【POJ3580】【块状链表】SuperMemo

Description

Your friend, Jackson is invited to a TV show called SuperMemo in which the participant is told to play a memorizing game. At first, the host tells the participant a sequence of numbers, {A₁, A₂, ... A_n}. Then the host performs a series of operations and queries on the sequence which consists:

1. ADD x y D: Add D to each number in sub-sequence {A_x ... A_y}. For example, performing "ADD 2 4 1" on {1, 2, 3, 4, 5} results in {1, 3, 4, 5, 5}
2. REVERSE x y: reverse the sub-sequence {A_x ... A_y}. For example, performing "REVERSE 2 4" on {1, 2, 3, 4, 5} results in {1, 4, 3, 2, 5}
3. REVOLVE x y T: rotate sub-sequence {A_x ... A_y} T times. For example, performing "REVOLVE 2 4 2" on {1, 2, 3, 4, 5} results in {1, 3, 4, 2, 5}
4. INSERT x P: insert P after A_x. For example, performing "INSERT 2 4" on {1, 2, 3, 4, 5} results in {1, 2, 4, 3, 4, 5}
5. DELETE x: delete A_x.
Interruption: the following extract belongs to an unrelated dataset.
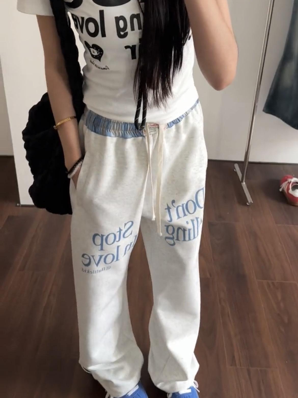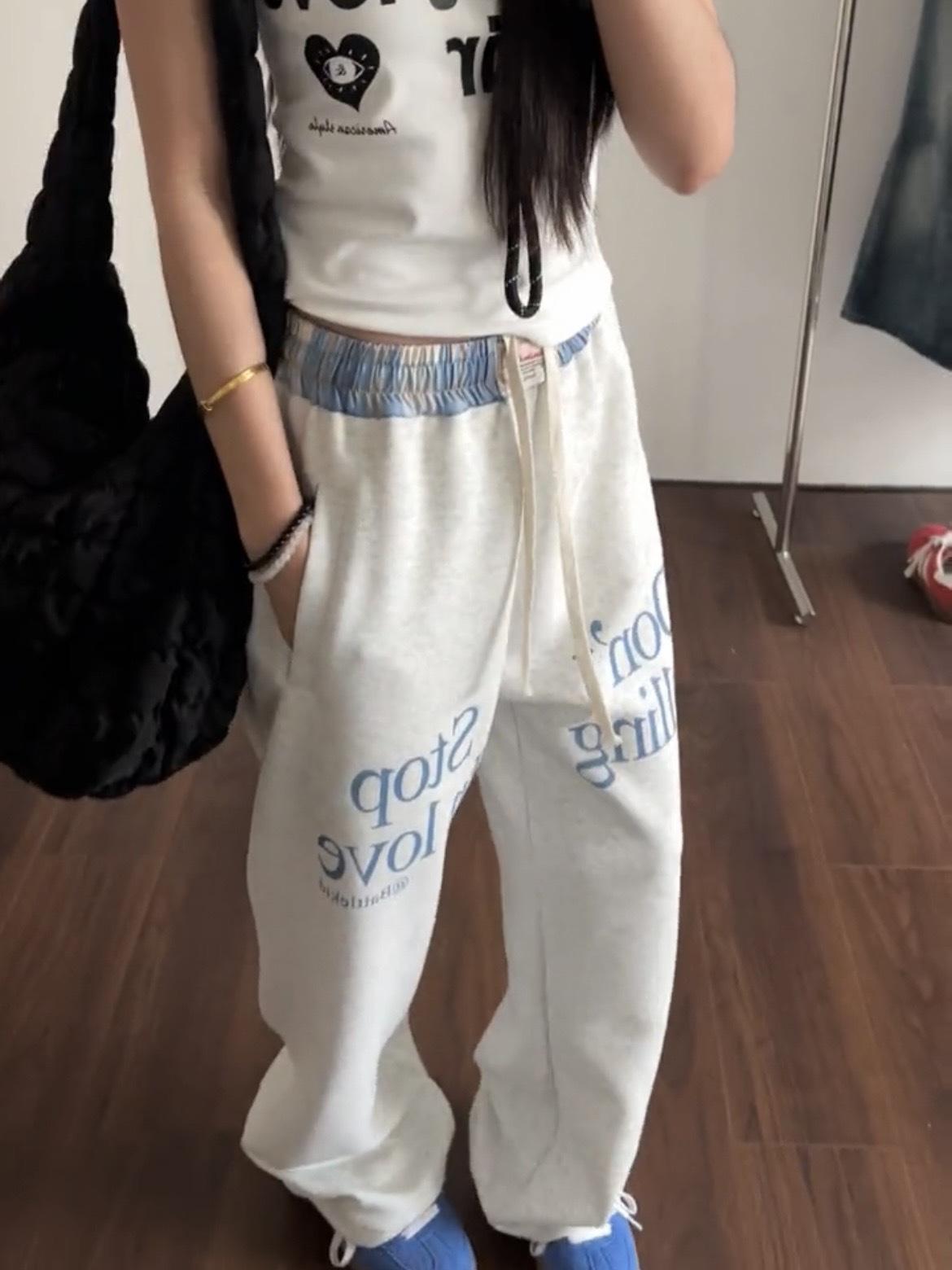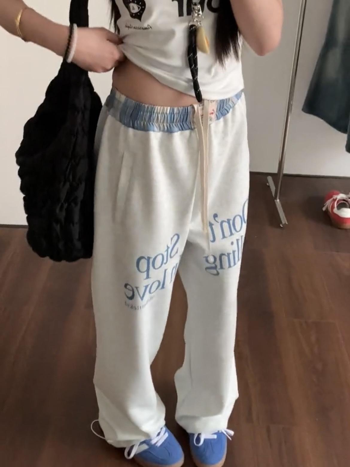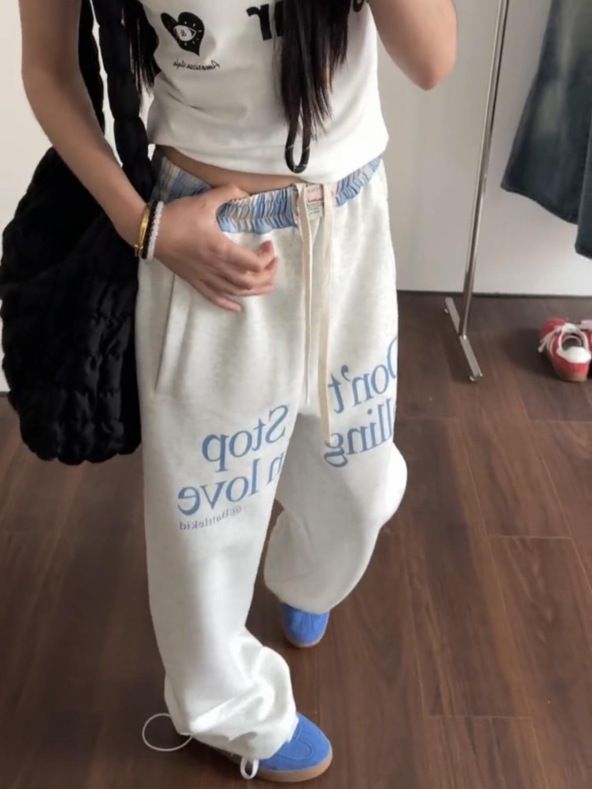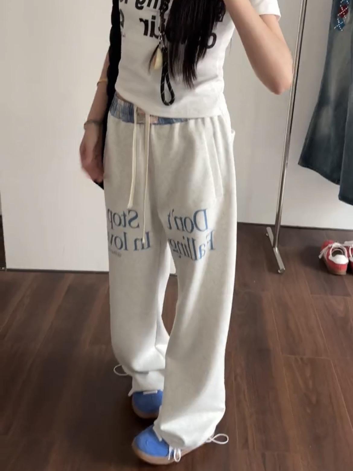 Pantalones deportivos casuales con estampado de letras de hip-hop estilo americano para mujer, pantalones deportivos de pierna recta, otoño, costura falsa de dos piezas, sueltos, de pierna ancha
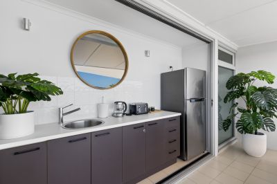 Freshly styled with new furniture and fixtures to take your breath away, you'll love the lavish stone benchtop kitchen and tiled open-plan living area that spills out to the balcony for coffee each morning. Then take the stairs up to a lightly shaded rooftop entertaining space with a kitchenette for dining with friends, or relax and soak up some rays.

For example, performing "DELETE 2" on {1, 2, 3, 4, 5} results in {1, 3, 4, 5}
6. MIN x y: query the participant what is the minimum number in sub-sequence {A_x ... A_y}. For example, the correct answer to "MIN 2 4" on {1, 2, 3, 4, 5} is 2

To make the show more interesting, the participant is granted a chance to turn to someone else that means when Jackson feels difficult in answering a query he may call you for help. You task is to watch the TV show and write a program giving the correct answer to each query in order to assist Jackson whenever he calls.

Input

The first line contains n (n ≤ 100000).

The following n lines describe the sequence.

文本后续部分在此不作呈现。